Dois são os pontos de vista dos bancos. O primeiro é que o ACORDO entre a FEBRABAN e as entidades representativas dos consumidores (que se denominará daqui em diante de ASSOCIAÇÕES) sujeita somente os bancos aderentes (cláusula 5.2.2: “apenas estarão abrangidos as instituições financeiras que aderiram a este ACORDO”) e os poupadores aderentes ou não. As “Partes” do ACORDO, conforme está dito no preâmbulo são, “de um lado”, as várias ASSOCIAÇÕES ali mencionadas. E, “de outro lado” a FEBRABAN e a CONSIF.
Nota-se, no entanto, que o ACORDO não é fiel ao referir-se às partes. No preâmbulo, as partes são, indubitavelmente, a FEBRABAN e a CONSIF, de um lado. E, de outro lado, as ASSOCIAÇÕES ali listadas. Porém, na supra citada cláusula 9.2, serão partes o banco (ou instituição financeira) que aderiu ao ACORDO e a ASSOCIAÇÃO que ajuizou a ACP. Essas partes é que têm a obrigação de apresentar a “petição conjunta” para ser homologada pelo órgão judicial.
O segundo ponto de vista é o de que houve um fato superveniente à execução provisória. E, na conformidade dos incisos II e III do art. 520 do CPC, a sentença objeto de tal execução tornou-se ineficaz quando sobreveio a decisão homologatória da transação. Quer dizer, infere-se do que sustentam os bancos que, à espécie, aplica-se o art. 1.008 do CPC: a decisão do órgão judicial de hierarquia superior substitui a do inferior. Ou seja, a sentença de primeira instância foi substituída pelo acórdão de segundo grau e este, por sua vez, pelo acórdão (ou decisão monocrática) do tribunal superior (STJ ou STF). Essa substituição em cascata está correta. Mas quanto a aplicação do art. 520, a tese é fraca.
Essa norma incide apenas se houver coincidência entre o autor da ação da qual proveio a sentença condenatória – ainda sujeita a recurso desprovido de efeito suspensivo − e o exequente dela. Aplicar-se-ía caso o IDEC, por exemplo, fosse favorecido por sentença condenatória coletiva e ele mesmo cuidasse da fase de cumprimento provisório.
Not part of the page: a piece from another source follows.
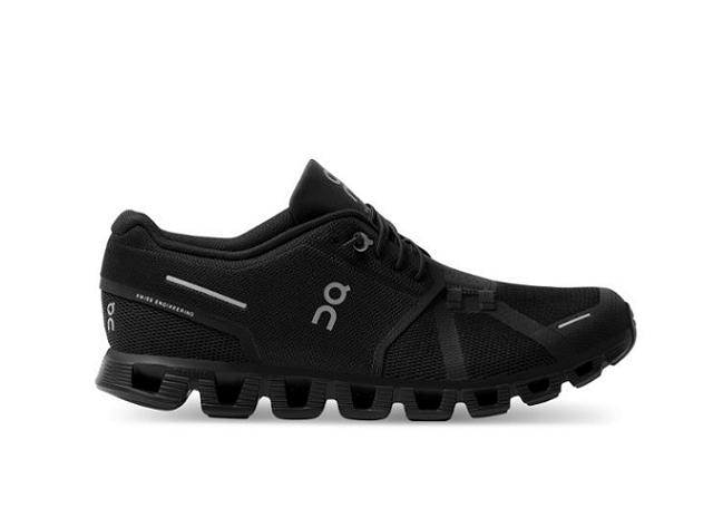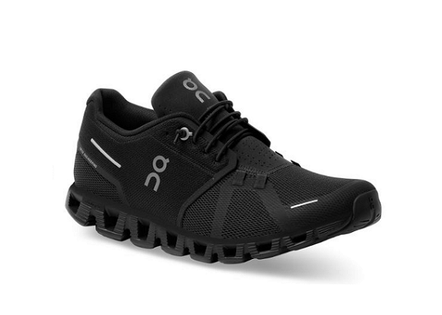 The On Running Cloud 5 All Black is a type of running shoe made by the Swiss brand On Running. It is designed to provide a comfortable and responsive running experience, with a focus on cushioning and support. The Cloud 5 All Black features the brand's signature CloudTec technology, which consists of a series of individual pods on the sole of the shoe that compress and adapt to the runner's stride, providing a smooth and stable ride. The upper is made of a breathable and flexible mesh material, while the lacing system allows for a customizable and secure fit.

Mas o entendimento das instituições financeiras é o de que a sentença homologatória substitui o título executivo, tanto nas execuções individuais promovidas pelos poupadores, como nas execuções em que a ASSOCIAÇÃO que obteve a sentença seja a responsável pela execução.
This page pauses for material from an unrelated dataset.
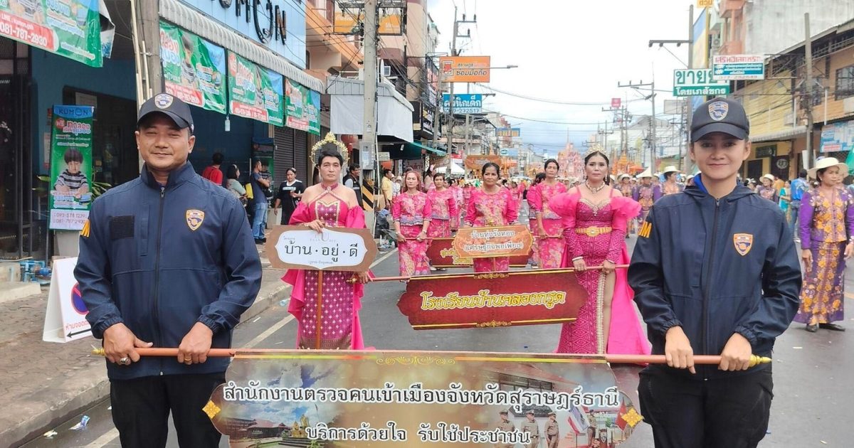 วันที่ 18 ต.ค.67 เวลา 16.30 น. ภายใต้การอำนวยการและสั่งการของ ว่าที่ พ.ต.อ.นฤวัต พุทธวิโร ผกก.ตม.จว.สุราษฎร์ธานี มอบหมายให้ ด.ต.ธเนศพล สำลี และ ด.ต.หญิง จันทรวดี พัฒนศักดิ์ ผบ.หมู่ ตม.จว.สุราษฎร์ธานี ร่วมกิจกรรม “งานประเพณีชักพระ ทอดผ้าป่า และแข่งเรือยาว จังหวัดสุราษฎร์ธานี” ประจำปี 2567 ทั้งนี้ มีวัตถุประสงค์เพื่อเป็นการอนุรักษ์และสืบสานประเพณีวัฒนธรรมอันดีงามของท้องถิ่นให้คงอยู่สืบไป โดยร่วมขบวนแห่เรือพนมพระทางบก ทั้งหมด 109 ลำ บริเวณหน้าศาลากลางจังหวัดสุราษฎร์ธานี-สะพานนริศ อ.เมือง จ.สุราษฎร์ธานี

Na verdade, os bancos entendem que tais ASSOCIAÇÕES têm legitimidade para dispor (abrir mão) dos direitos dos poupadores, porque foram elas que obtiveram a sentença que deu àqueles a possibilidade de executá-las individualmente, ainda que provisoriamente. E, sendo assim, poderiam transacioná-los, tal como fizeram ao requerer a homologação de acordo ajustado com o banco, cumprindo, então, obrigação assumida contratualmente (cláusula 9.2 do ACORDO). Elas seriam dominus litis com poderes para retirar com a mão esquerda os benefícios que deram aos poupadores com a mão direita.
Ocorre, porém, que as ASSOCIAÇÕES não podem abdicar direitos que não lhes pertencem, ou melhor, que lhes pertenceram até a ocasião em que enorme quantidade de poupadores autorizados pelo art. 97 do CDC promoveu individualmente o cumprimento da sentença coletiva. É a chamada substituição processual. Alguém pleiteia em nome próprio direito que não lhe pertence (art. 18 do CPC). E foi o que as ASSOCIAÇÕES fizeram, autorizadas pelo art. 82, nº IV do CDC, na qualidade de substitutas processuais. Mas, obtida a sentença condenatória na ACP, a execução dela poderá, por força do supra citado art. 97 do CDC, ser instaurada pelos substituídos processuais, isto é, os poupadores.
Resumindo: o ACORDO e seu ADITIVO só sujeitam aos seus termos aqueles poupadores que a eles aderiram.